I saw a few scenes.  Noped right out of there.  Kinda what i expected.  New star wars is twice as much worse on average as the prequels were to the originals.


----------



## Zardnaar (Dec 24, 2019)

AbdulAlhazred said:


> Yup, the whole movie, IMHO, is nothing more than SW market research driven pap. Nothing in it is surprising, inventive or really even decent storytelling. It just delivers up a sequence of SW tropes in a graphically pleasing candy wrapper.
> It was mildly entertaining, but highly forgettable.




Hey I wasn't expecting it I thought they would double down.

I didn't like the treatment they gave Rose.
Her scenes in TLJ were crap but thats not on her but the writers.

They introduced two new characters I don't care about but they could have done something more significant with her assuming they didn't cut her.

Finn and Poe got a better treatment, didn't mind Rey to much in this one. They ramped up force powers all around so we have some context now.

But it comes across as can you top this/unlimited power. I prefer the more restrained use of the force in the OT.
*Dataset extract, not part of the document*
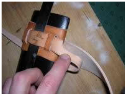
Les deux fentes et la réduction de la languette.

Il convient d'aménager deux fentes longitudinales dans la languette sur la face arrière du fourreau. La languette qui sera réduite de 2cm à 1cm. Bien mouiller et étirer au montage.

It's kind of a movie from 25 years ago with over the top plotting and Powers from comics. It's Marvel in space.

Rey is a Disney princess now, grandpops is royalty lol. What's funny is the other sequel trilogy is 1-3 bestsellers on Amazon atm lol.


----------



## Son of the Serpent (Dec 24, 2019)

Zardnaar said:


> Hey I wasn't expecting it I thought they would double down.
> 
> I didn't like the treatment they gave Rose.
> Her scenes in TLJ were crap but thats not on her but the writers.
> ...



And kylo is a prince via leia.

Rey and kylo are perfect for eachother.  The prince and princess of cringe 

At the wedding of the force ghost and still flesh woman the bride's side of the wedding should throw salt and the groom side should throw sand.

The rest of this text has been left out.